On the other hand, Putin – who is likely to remain in power even if the “victory” he ends up proclaiming is of moderate “height” – may not be able to resist the urge to invade again once the lessons are internalized. of his current attack and those responsible for today’s failures be punished.

The danger of a new Russian attack will remain even if Putin’s failure is completed and he must withdraw from all annexed and occupied territories in the coming months. His position at the top of the Russian hierarchy will then be precarious: he will not be able to declare victory for television either, and Russia is not a country that treats losers politely, nor easily forgets defeats.

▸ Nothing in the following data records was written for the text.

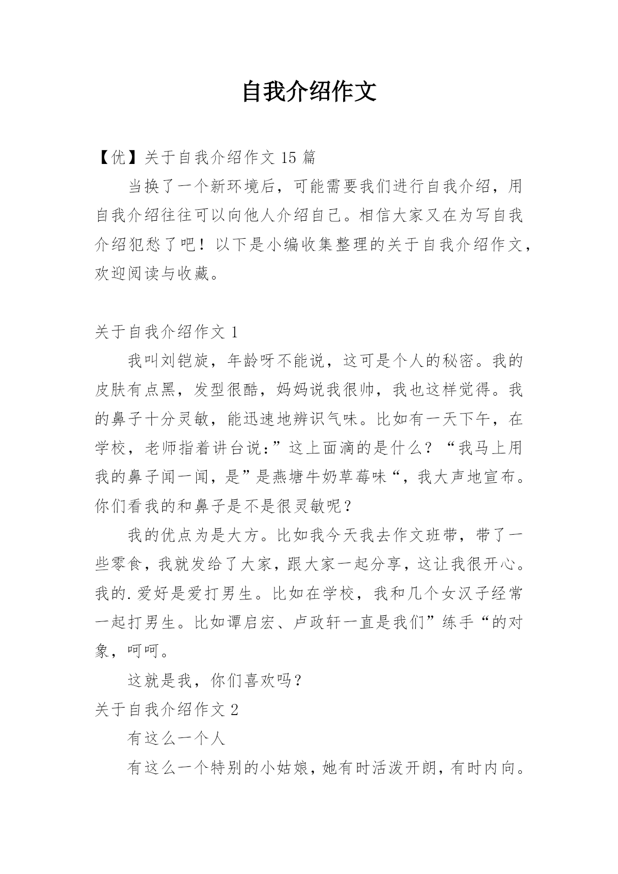自我介绍作文【优】关于自我介绍作文15篇当换了一个新环境后,可能需要我们进行自我介绍,用自我介绍往往可以向他人介绍自己。相信大家又在为写自我介绍犯愁了吧!以下是小编收集整理的关于自我介绍作文,欢迎阅读与收藏。关于自我介绍作文1我叫刘铠旋,年龄呀不能说,这可是个人的秘密。我的皮肤有点黑,发型很酷,妈妈说我很帅,我也这样觉得。我的鼻子十分灵敏,能迅速地辨识气味。比如有一天下午,在学校,老师指着讲台说:”这上面滴的是什么?“我马上用我的鼻子闻一闻,是”是燕塘牛奶草莓味“,我大声地宣布。你们看我的和鼻子是不是很灵
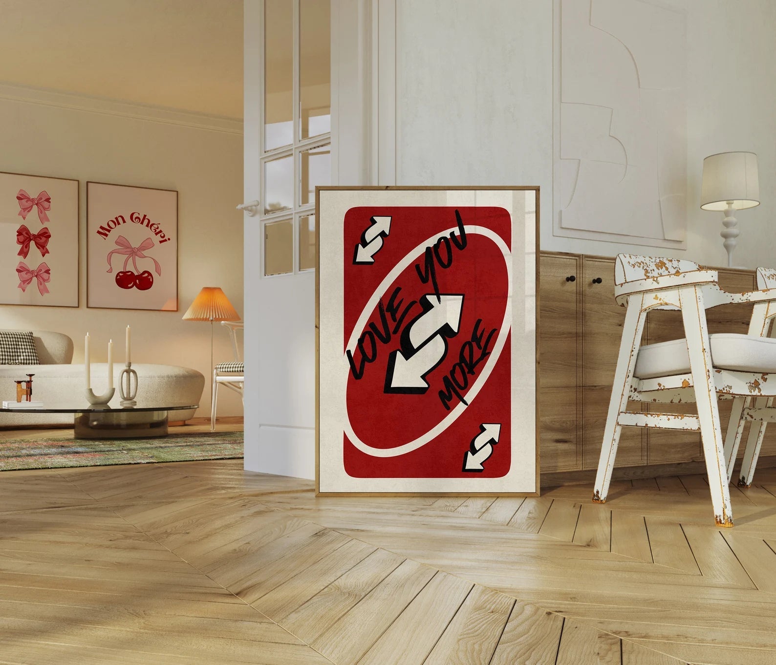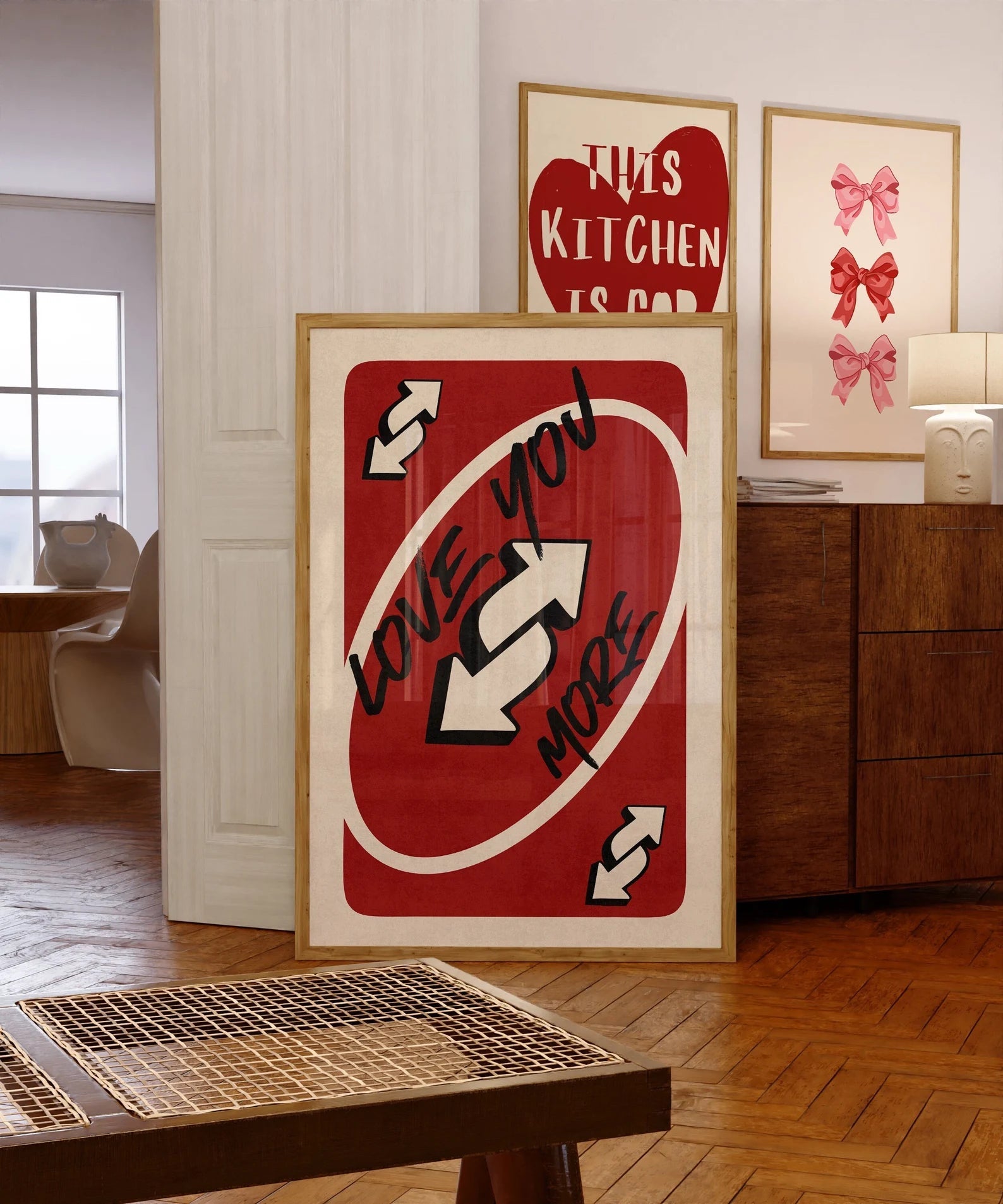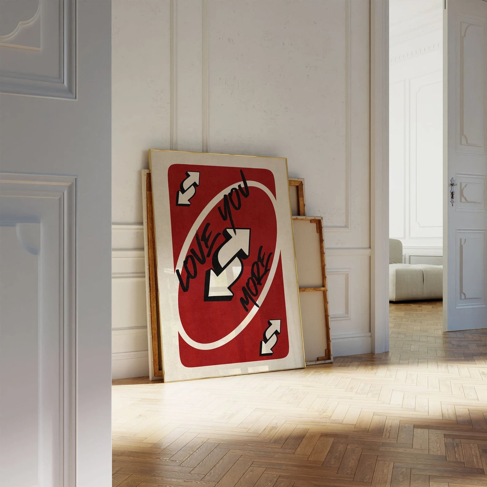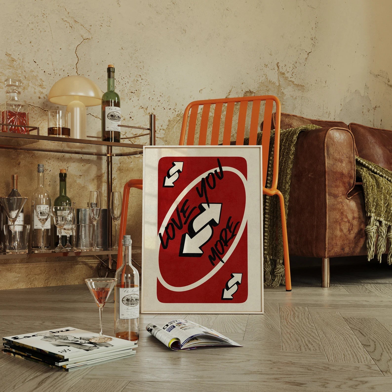 Gør dit hjem personligt med den unikke Reverse I Love You More Plakat. Plakaten kombinerer et minimalistisk design med et rørende budskab, hvor teksten er spejlvendt for et ekstra visuelt twist. Ideel som en kærlig påmindelse i soveværelset eller stuen og perfekt til en moderne indretning, der værdsætter enkelhed og dybde
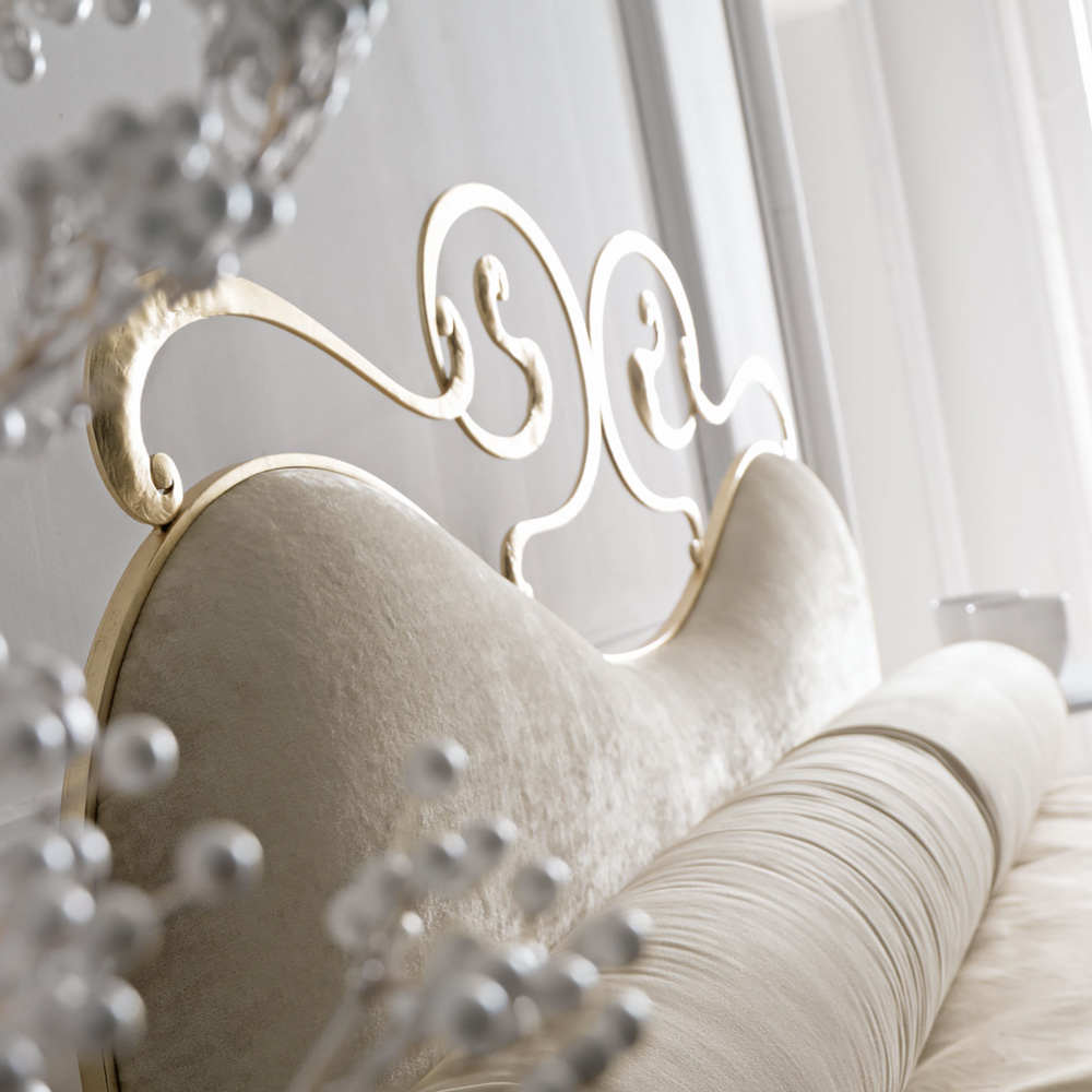 The Upholstered Gold Leaf Swirls Bed, a beautifully romantic bed that epitomises modern Italian furniture. Truly reflecting refined contemporary elegance. Superbly executed by master Italian craftsmen this design is outstanding in its use of luxury materials and attention to detail. Offering accomplished modern furniture with unmistakable style and presence.

For those interested in what to expect from a particular type of Putin’s successor, Igor Girkin’s Telegram account, also known as Strelkov, one of the key figures in the 2014 uprising in eastern Ukraine, presents a budding version of Dolchstoßlegende, according to in which Putin’s insufficiently nationalist clique betrays Russian interests for selfish purposes.

Guide

Even if a weakened Russia emerges from the conflict – and even if it collapses, as some Ukrainian and Western intellectuals hope – the experience of interwar Germany, or rather post-Soviet Russia itself, should be a good “guide”. Dissatisfaction can lead to both financial mobilization and re-equipment. A Russia that would be forced to withdraw within its borders and lick its wounds would continue to pose a real threat even to a Ukraine protected from joining the Western bloc, the European Union and NATO.

There are not many options for lasting peace in the Ukrainian “bloody soils” and those that exist today seem utopian. A quarter of a century after the end of the Yugoslav wars, the former Yugoslavia is still not free of tensions, and an armed conflict involving the successors of the states is still possible, although Slovenia, Croatia, Montenegro and Montenegro are now NATO member countries.

Tensions would eventually disappear if Serbia, a candidate for membership of the European Union, eventually joined the EU along with other former Yugoslav states. In the same way, any long-term harmonious solution to the existential conflict between an imperialist Russia and a stubbornly independent Ukraine is possible only if both countries end up part of a united Europe – a completely distant prospect today and a possibility that requires a degree of Russian exclusion. unthinkable not only under Putin, but under almost every possible successor.

If lasting peace, however, is what the West is seeking, that – and not just a weakened Russia – should be its long-term goal.